StableRep: Synthetic Images from Text-to-Image Models Make Strong Visual Representation Learners

TL;DR

This work investigates learning visual representations from synthetic images produced by text-to-image models, using Stable Diffusion prompts and a novel multi-positive contrastive objective, StableRep. It demonstrates that SSL on synthetic data can match or exceed real-data SSL, and that language supervision further boosts transfer, even surpassing CLIP under certain scales. The key contributions include (i) showing synthetic data viability with optimal guidance scales, (ii) introducing a multi-positive loss that leverages multiple images per caption, and (iii) demonstrating strong linear transfer and few-shot performance across diverse datasets, with favorable comparisons to CLIP when prompts and captions are aligned. The findings suggest a promising direction for reducing real-data requirements in representation learning, while highlighting limitations such as semantic alignment, speed, and biases inherent to generative models.

Abstract

We investigate the potential of learning visual representations using synthetic images generated by text-to-image models. This is a natural question in the light of the excellent performance of such models in generating high-quality images. We consider specifically the Stable Diffusion, one of the leading open source text-to-image models. We show that (1) when the generative model is configured with proper classifier-free guidance scale, training self-supervised methods on synthetic images can match or beat the real image counterpart; (2) by treating the multiple images generated from the same text prompt as positives for each other, we develop a multi-positive contrastive learning method, which we call StableRep. With solely synthetic images, the representations learned by StableRep surpass the performance of representations learned by SimCLR and CLIP using the same set of text prompts and corresponding real images, on large scale datasets. When we further add language supervision, StableRep trained with 20M synthetic images achieves better accuracy than CLIP trained with 50M real images.
Paper Structure (27 sections, 4 equations, 9 figures, 19 tables, 1 algorithm)

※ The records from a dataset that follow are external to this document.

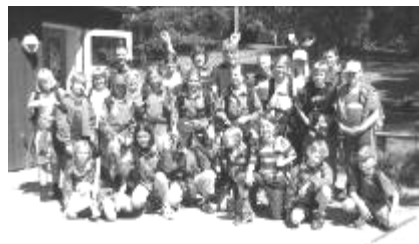
Hike - Sommerlejr 2005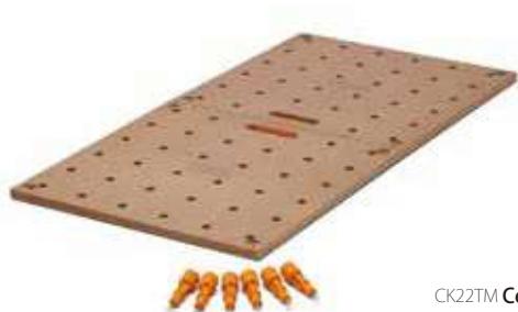
CK22TM Centipede® テーブルトップ 2'x4' ¥14,800 (税込 ¥16,280) ●サイズ: 61×122cm 厚さ: 18mm (2'x4' サイズ) ●材質: MDF ●最大荷重: 2000 lbs. (907kg) ●ドックホール径: 20mm ●ホール間隔: 芯々 96mm ●固定用ツイストロック付属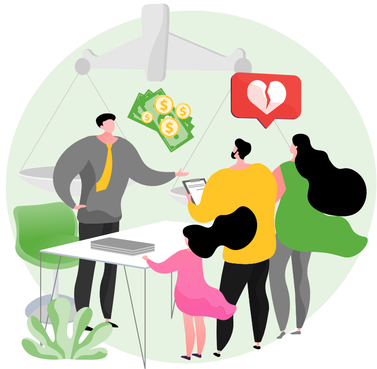
Ilustración: www.freepick.es/@vectorjuice .

Tratándose de alimentos, se pretende en el nuevo Código acortar de manera considerable los tiempos para la fijación de pensiones alimenticias a favor de los menores y en su caso del cónyuge que la requiera, ya que establece que la autoridad jurisdiccional dictará el auto admisorio a más tardar el día siguiente en que haya recibido el escrito respectivo y dará aviso sin demora a la persona física o moral de quien reciba el ingreso la persona deudora alimentista para que lleve a cabo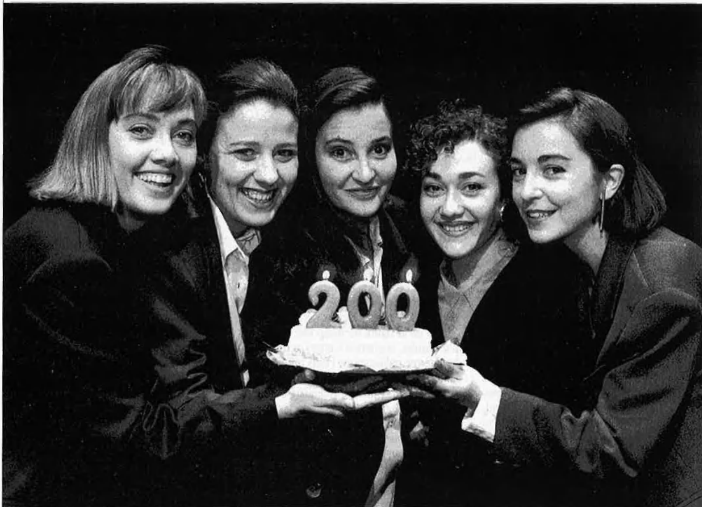
Quan T de Teatre va estrenar Petits contes misògins somniava a fer cinquanta representacions.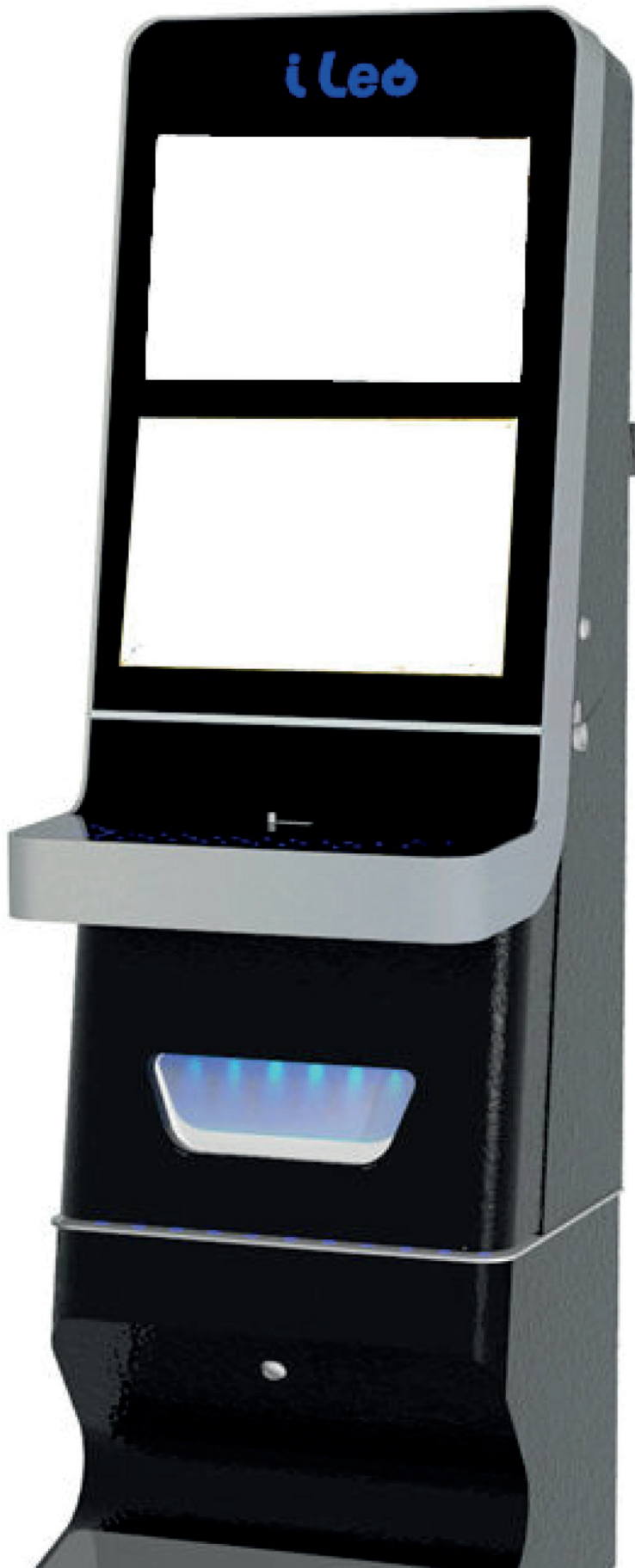
Plancia Pulsanti Opzionale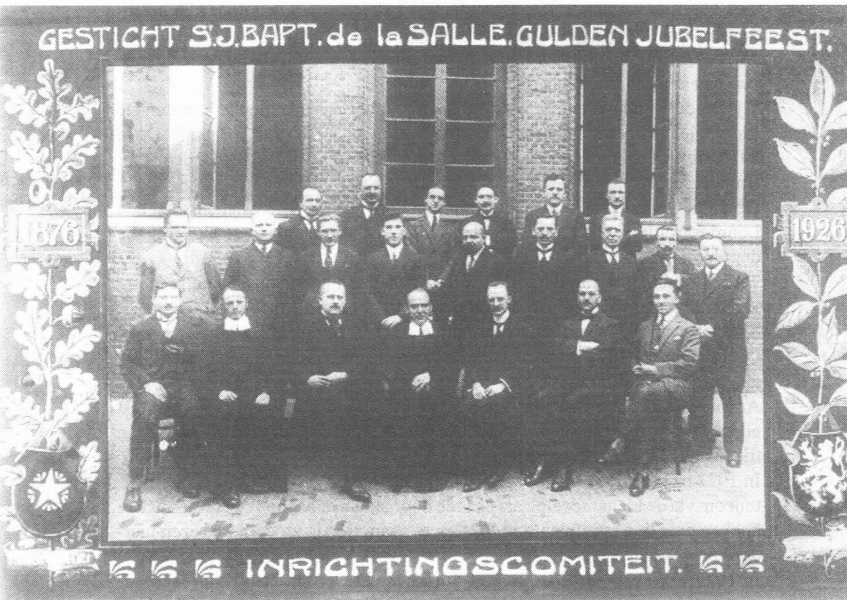
Gulden jubelfeest St.-Jan-Baptist de la Salle 1926; foto verz. E.Dekeyser, Gent.

1 2 3 4 5 6 7 8 9 10 11 12 13 14 15 16 17 18 19 20 21 22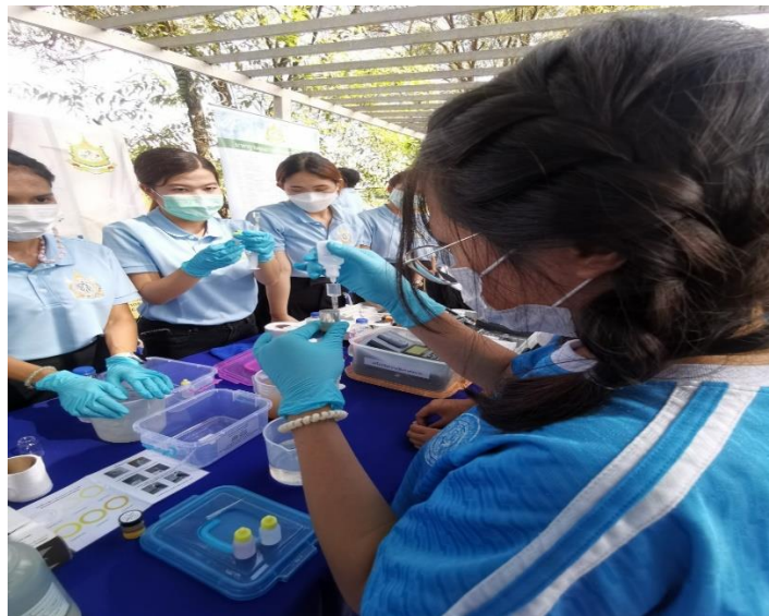
งานปวงประชาร่วมใจ คืบหน้าให้แผ่นดิน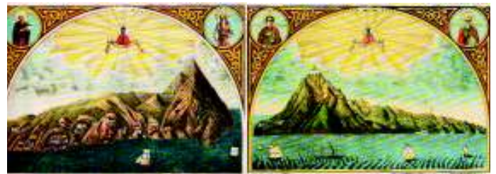
Απεικόνιση των αναγλύφων όψων του Όρους της ρωσικής εικονογραφικής παράδοσης (19ος αι.).

Ελλάδας του Άνθιμου Γαζή, αλλά και από τους χάρτες τις νέας επιστημονικής περιόδου της χαρτογραφίας, φαίνεται ανάγλυφα η ανάδειξη της “νήσου” του Αγίου Όρους στην ιστορία των χαρτών, καθώς και κάθε είδους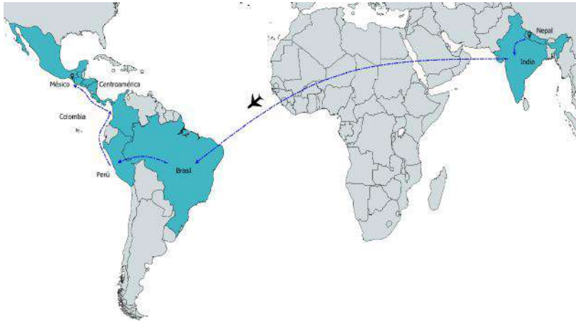
Mapa I2. Ruta migratoria Nepal-India-Tapachula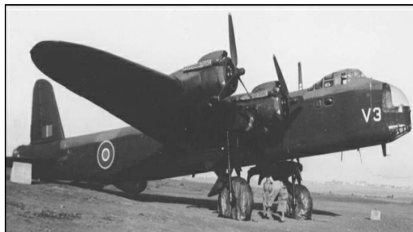
Short Stirling 4 motorige Engelse bommenwerper.

Gegevens van Ger Laugs, oud medewerker van Abdij Lilbosch, met betrekking tot de Short Stirling die op 10 september 1942 op de Landerijen van Abdij Lilbosch is gecrasht. Samengesteld op verzoek van Pejjerlandj.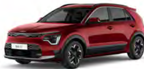
Červená Runway (CR5)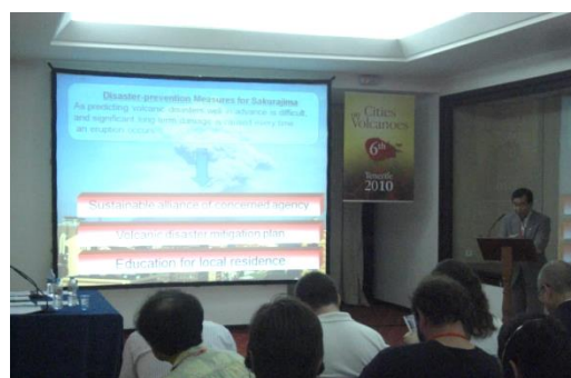
平成22年（2010年）のCoV6（テネリフェ大会）市長発表の様子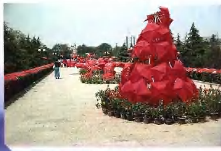
大地正红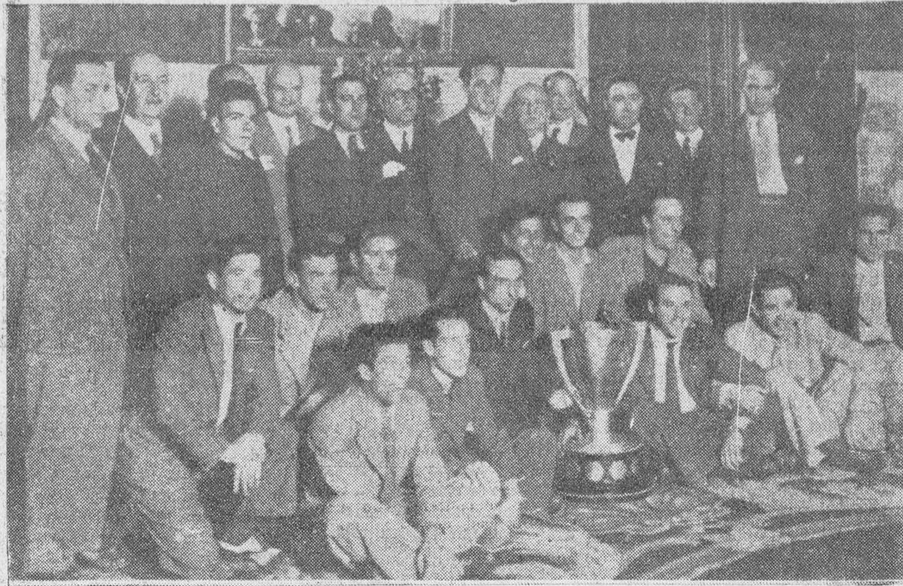
Los jugadores del Betis han sido objeto, en Sevilla, de un recibimiento realmente grandioso. Los bravos «equipiers» del club campeón de la Liga fueron recibidos oficialmente en el Ayuntamiento sevillano, donde aparecen con el alcalde, señor Contreras, y un grupo de concejales

Eusebia y la Santiago se arrojan sobre el mismo golpeándole con palos y una horca o tornadera? Si.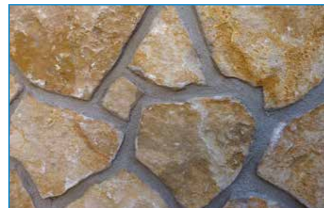
Amikor az anyag kellően meghúzott, ecsettel vagy kefével homogenizáljuk a fugák felületét. A köveket a fugázó teljes megkötése előtt tisztítsuk meg!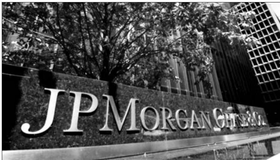
▲ Entre las principales entidades financieras involucradas en actividades de lavado se encuentran JPMorgan, HSBC, Standard Chartered Bank, Deutsche Bank y Bank of New York Mellon.

En el caso mexicano se hicieron 57 transacciones por un monto enviado de 5 millones 75 mil 970 dólares, y recibido 338 mil 730 dólares. Se ven involucrados entidades financieras como BBVA, Banorte, Citibanamex, Banco del Bajío, Actinver, Santander, Banco Base y CIBanco.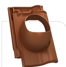
P18-17 BRASS / amber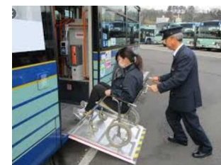
路線バスにおける役務提供 (スロープ設置・介助)の例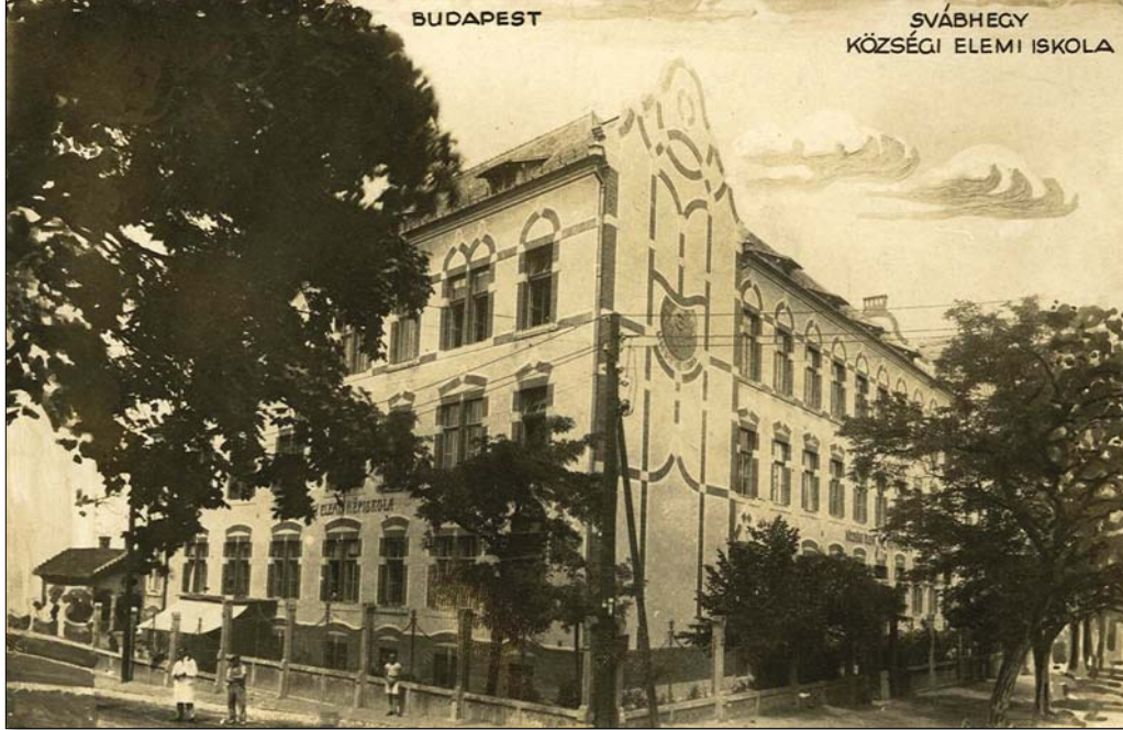
Az iskola a századforduló idején korabeli képeslapon

A következő tanévtől megindulhatott a 3. osztály is. A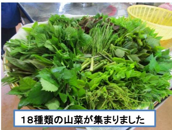
18種類の山菜が集まりました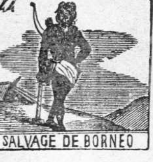
SALVAGE DE BORNEO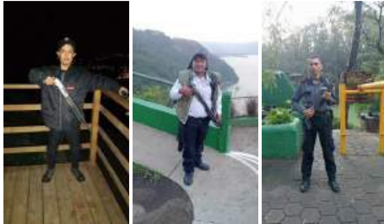
Foto 12, 13 y 14: Personal de vigilancia para prevención de incendios forestales las 24 horas del día.

5.8 Otorgar la cooperación técnica y financiera a la Fundación Defensores de la Naturaleza necesite, siempre que se encuentre dentro de sus posibilidades para el desarrollo dentro del Parque Nacional Naciones Unidas de proyectos de Conservación y Manejo de la Cuenca, considerando que el terreno de este Parque Nacional es parte importante de la Cuenca del Lago de Amatitlán, por lo que se hace necesario realizar actividades de protección y manejo de la misma, incluyendo Educación Ambiental dirigida a estudiantes y población que visita el mismo.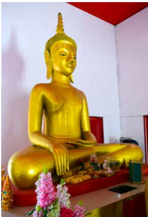
◀ พระเจ้าใหญ่ วัดศรีสะอาด ตำบลตาลเดี่ยว อำเภอห่มสีก จังหวัดเพชรบูรณ์

พระเจ้าใหญ่วัดศรีสะอาด มีพุทธลักษณะพระพักตร์เรียวยาวผดพระเกศาเล็กและแหลม พระกรรณยาว พระรัศมีทรงเปลว พระโอษฐ์เล็ก พระนาสิกเล็ก สังขารเป็นแผ่นใหญ่ปลายตัดตรงจรดพระนาภี พระหัตถ์ค่อนข้างใหญ่ ชัดสมาธิราบ พระหัตถ์ขวาวางเหนือพระชานุขวา ส่วนพระหัตถ์ซ้ายวางเหนือพระเพลารูปแบบทางพุทธศิลป์เช่นนี้ใกล้เคียงกับพระพุทธรูปปูนปั้นหลายองค์ในเขตเมืองอุบลราชธานี พระเจ้าใหญ่วัดศรีสะอาดน่าจะสร้างขึ้นในราวช่วงปลายพุทธศตวรรษที่ ๒๔ หลังการย้ายศูนย์กลางเมืองห่มสีกจากบริเวณลุ่มแม่น้ำพุงมายังริมฝั่งแม่น้ำป่าสัก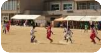
石川県野々市市で開催された樺カップで活躍

試合は随時、土・日曜日で公式戦や練習試合、フットサルなど行っています。毎水・金曜日の夕方と土曜日のお昼からは、両小学校グラウンドでの練習を行っていますので、サッカー好きの少年少女、ぜひ参加してください。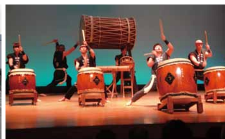
隠岐の歴史や自然を奏でる「隠岐太鼓」【隠岐島文化会館】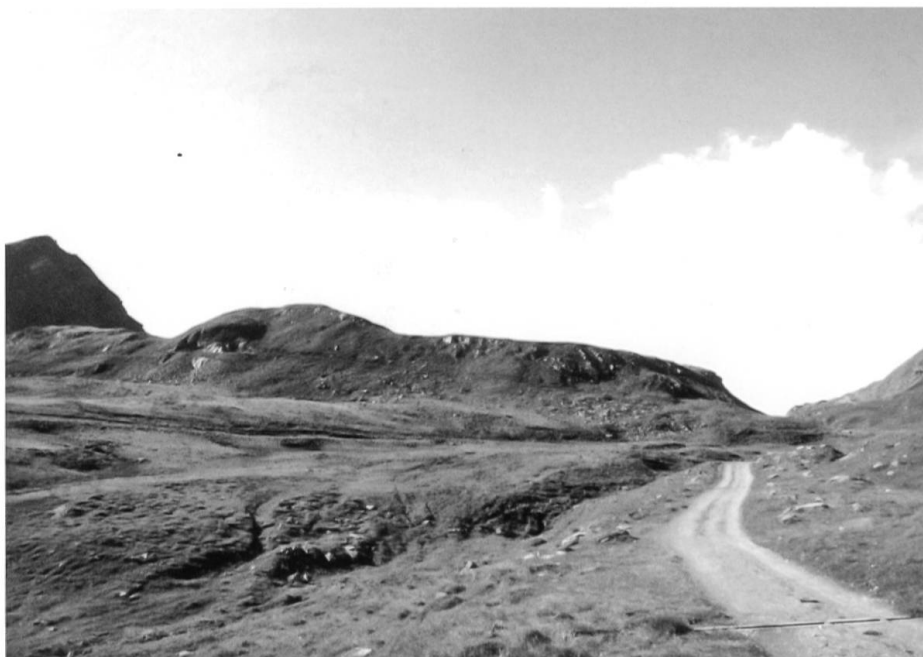
Bivio, Septimerpass, Hochplateau, auf dem sich die Funde des frühromischen Lagerplatzes fanden.

wertlos wären. Erfreulicherweise leistete der Vorarlberger meiner Aufforderung Folge und kam zusammen mit einem Münchner Archäologen und mir auf den Septimerpass und zeigte uns, wo er den Fund geborgen hatte. Da sich die meisten Funde auf eine Fläche von rund 50–60 m 2 konzentrierten, nahm ich zunächst an, dass es sich bei der Fundstelle um eine Art Weihedepot handeln könnte, was sich später allerdings als falsch erwies.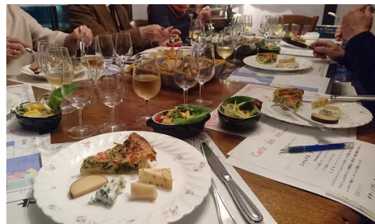
ワインを学び・楽しむ体験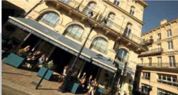
Hôtel de Sèze

Seeko'O Hôtel**** (45 chambres): face aux quais, à la croisée du Bordeaux historique et du Bordeaux en devenir, cet établissement dont le nom signifie « iceberg » en Inuit est un précurseur en matière de construction :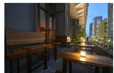
「丸の内ハウス テラス」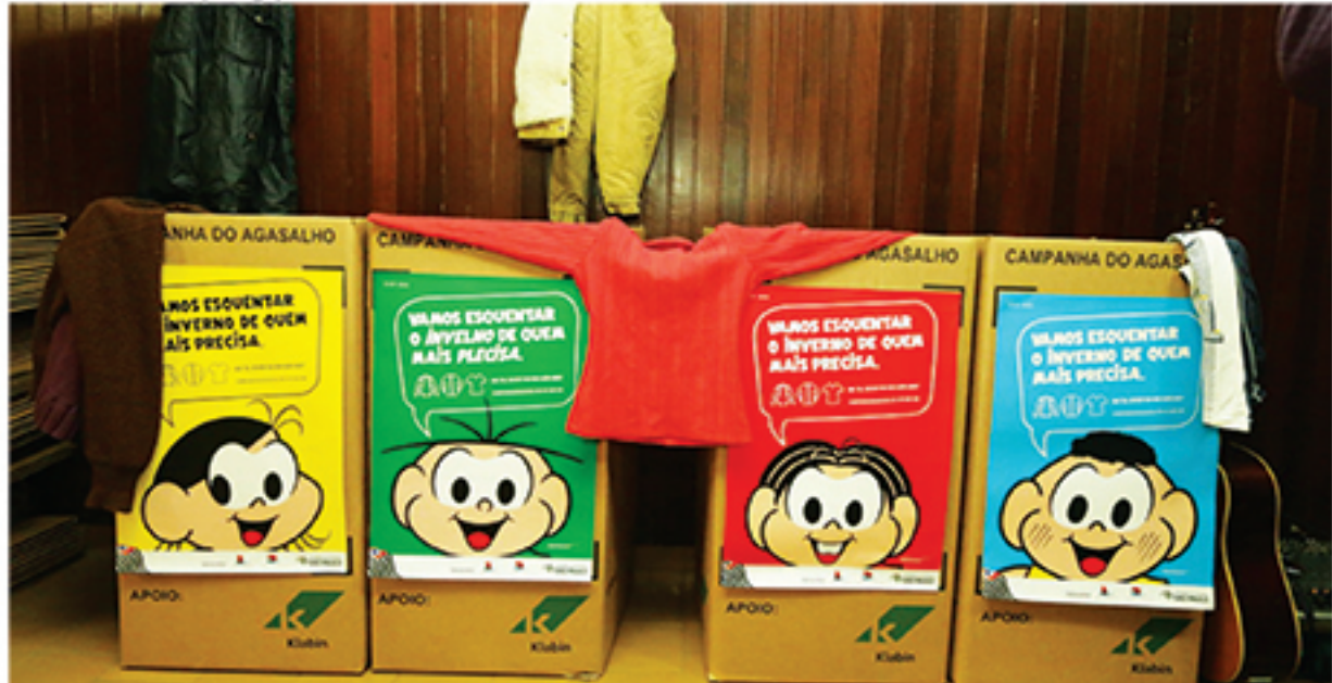
Temática da Campanha do Agasalho 2018 envolve as personagens da Turma da Mônica

neficiar pessoas em situação de rua será a criação de um abrigo de inverno temporário, no antigo restaurante po-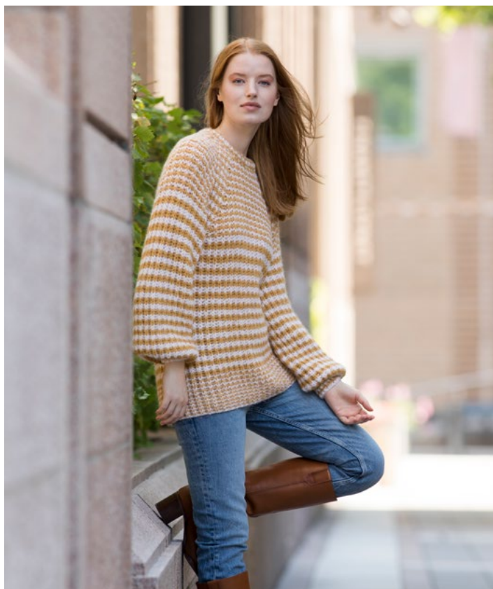
Se også i gul striper | DG419-05

This paper contains 27 sections, 4 equations, 9 figures, 19 tables, 1 algorithm.

Figures (9)

  • Figure 1: Left: traditional visual representation learning relies on a dataset of real images to train an image embedding function. Right: we view generative models as datasets that allow us to sample images from the data distribution. In our study, we leverage text-to-image models (Stable Diffusion ldm) and treat multiple images synthesized from the same prompt as positives for contrastive representation learning.
  • Figure 2: Performance of linear probes on ImageNet as a function of the guidance scale of Stable Diffusion generation. Left: using SimCLR as pre-training; Right: using MAE as pre-training. In both cases, we see pre-training on synthetic images that are generated by Stable Diffusion with a guidance scale between 6 and 8, gives a significant boost over training only on real images. We used the CC3M dataset for these experiments.
  • Figure 3: Training self-supervised methods on synthetic images can be better than, or on par with, real images of the same sample size. Left: CC3M dataset; Right: CC12M dataset
  • Figure 4: We compare our pipeline (C) to that of (A) SimCLR; (B) CLIP. In SimCLR, the real image is augmented to give two views which are contrasted against each other through the same encoder. For CLIP, a real image and corresponding real caption are passed into image and text encoder, the image is augmented (usually more weakly than for SimCLR) followed by a contrastive loss. In our pipeline, each real caption is passed into Stable Diffusion (SD) to generate a number of synthetic images. These synthetic images are then augmented as in SimCLR, and treated as positives for each other in a multi-positive contrastive loss.
  • Figure 5: ImageNet zero-shot accuracy with different Stable Diffusion generation guidance scale $w$, using CLIP as pre-training.